On June 20, 2001, after receiving 80 lashes for drinking alcohol, which is prohibited by Sharia law, Omar was executed by firing squad with five shots to the heart, but as he was still moving, one final to the head. The execution was seen by family members of the victims, but policemen prevented any recording of the event. Afterwards, Mohammed's body was taken away by ambulance, and buried in an undisclosed location.

==Controversies==
Due to the sensational nature of the case, doubts have been expressed regarding many aspects, with various allegations regarding Mohammed's other killings, his guilt, and even his death.

===Mossad agent===
One of the officers working on the case, Col. Sawadah Omar Al Ayashi, told Gulf News reporters that Adam was an agent for Mossad, Israel's national intelligence agency, since the 1970s. According to Ayashi, he had entered Yemen on numerous occasions and was even imprisoned for six months in the mid-1970s, before being deported, later entering South Yemen in 1984 in order to spy on Palestinian military camps stationed there. In addition, Ayashi claimed that Omar had infiltrated Fateh-Intifada, a Palestinian splinter faction based in Damascus, spying on their operations in Lebanon during the 1980s, before moving to Jordan. Some policemen also said that they had confiscated several fake passports belonging to Mohammed Adam Omar, one of them presenting him as a Jordanian national named "John Adam".

Perhaps most surprisingly, Ayashi claimed that Omar's arrival at Sana'a University had been "arranged" by a fellow Sudanese professor, who by then had moved to Sharjah, in the United Arab Emirates. That professor apparently convinced the medical faculty of Mohammed's exceptional ability of conducting autopsies and decades of experience, allowing him to enter easily.

===Feign death===
The family of Zainab Saud Aziz, one of the girls Omar was convicted of killing, were so furious with the decision of the Yemeni government to not postpone the execution of their family member's killer so they could witness it, that they publicly stated their disbelief of his execution. The mother, Karimah Motlak, stated that a request to put a phone next to Omar's head so she could recognize his voice, as well as a photo of the body after the execution, was denied. Coupled with the fact that they were refused knowledge of where he would be buried, this made them suspect that another man had suffered his fate. The uncle, Hassan Sabeeh Motlak, expressed his belief that an officer from the Sudan Liberation Army, one Romil Jonet So, was the actual person executed by authorities.

===Scapegoat===
After the execution, rumors spread across Sana'a, particularly in the bazaars, that Mohammed Adam Omar had been nothing but a simple scapegoat for a wider sex-and-murder scandal, involving figures from the high society.
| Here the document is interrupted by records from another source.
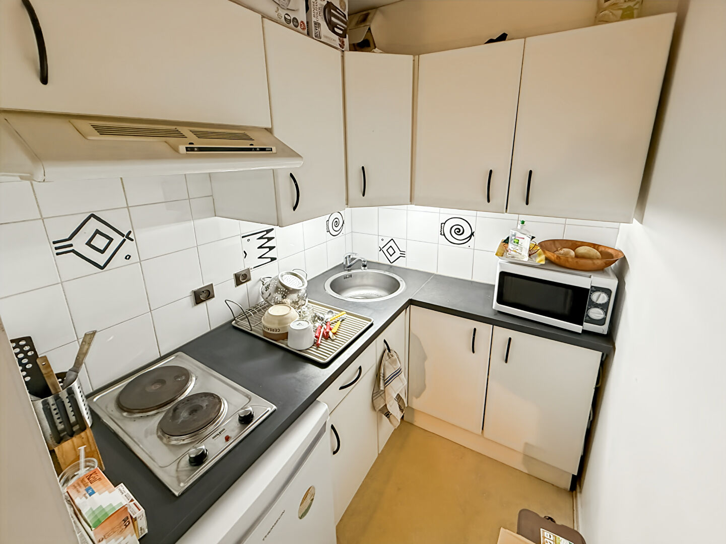Quartier Chartrons, dans rue recherchée, appartement en dernier étage d'une petite copropriété pierre avec faibles charges. Surface au sol de 26 m² pour ce T1 Bis avec entrée, petite cuisine séparée aménagée et équipée, séjour avec cheminée décorative, po...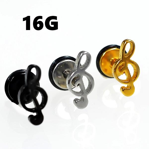 音符/ノート フェイクプラグ/フェイクバーベル ストレートバーベル 【16G/1.2mm】
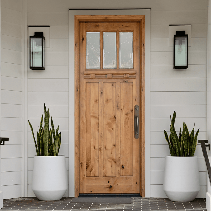 This Knotty Alder 3 Lite Single Front Door delivers a timeless blend of simplicity, warmth, and craftsmanship. Constructed from knotty alder, this door highlights natural knots and grain variation that give each piece a distinctive, handcrafted character. Three clear bevel glass panes across the top invite natural light into the entryway while preserving a clean, classic profile. With its warm wood tones and understated design, this door pairs beautifully with Craftsman, farmhouse, and traditional home styles. Designed for lasting beauty and durability, the knotty alder 3 Lite door adds authentic character and quiet sophistication to your home’s exterior, creating an inviting focal point that endures.

The most widespread one was that the morgue housing the women's bodies collected them from exclusive brothels in Sana'a, which often have high-level client protection, a practice well known across the Middle East. The government under Ali Abdullah Saleh vigorously denied that anything was amiss with the trial, constantly pointing towards the fact that Omar had pleaded guilty at trial.
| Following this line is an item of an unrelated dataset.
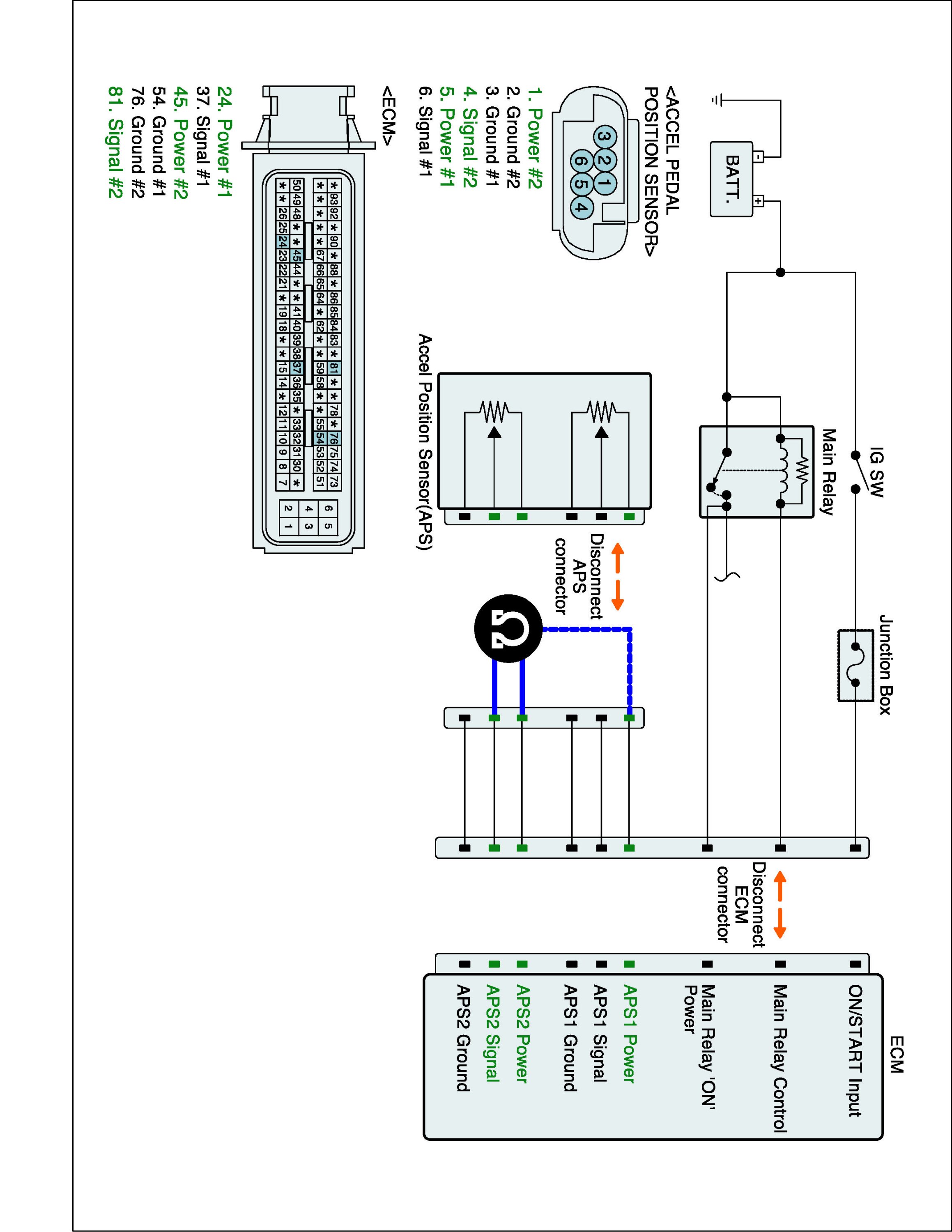 1. IG "OFF" and disconnect APS connector and ECM connector.

According to Omar's attorney, Mohammed Ali al-Khatib, he was allowed very little alone time with his client, away from police and prosecutors, only managing to get five to six minutes together. Mohammed Adam was about to present a different account of the events, when agents from the shadowy organization known as the Political Security Agency burst in, and abruptly ended the interview. That was the last time al-Khatib got to talk to Omar, and he expressed his view that one day the truth will be revealed, showing that Mohammed Adam Omar had never killed anybody.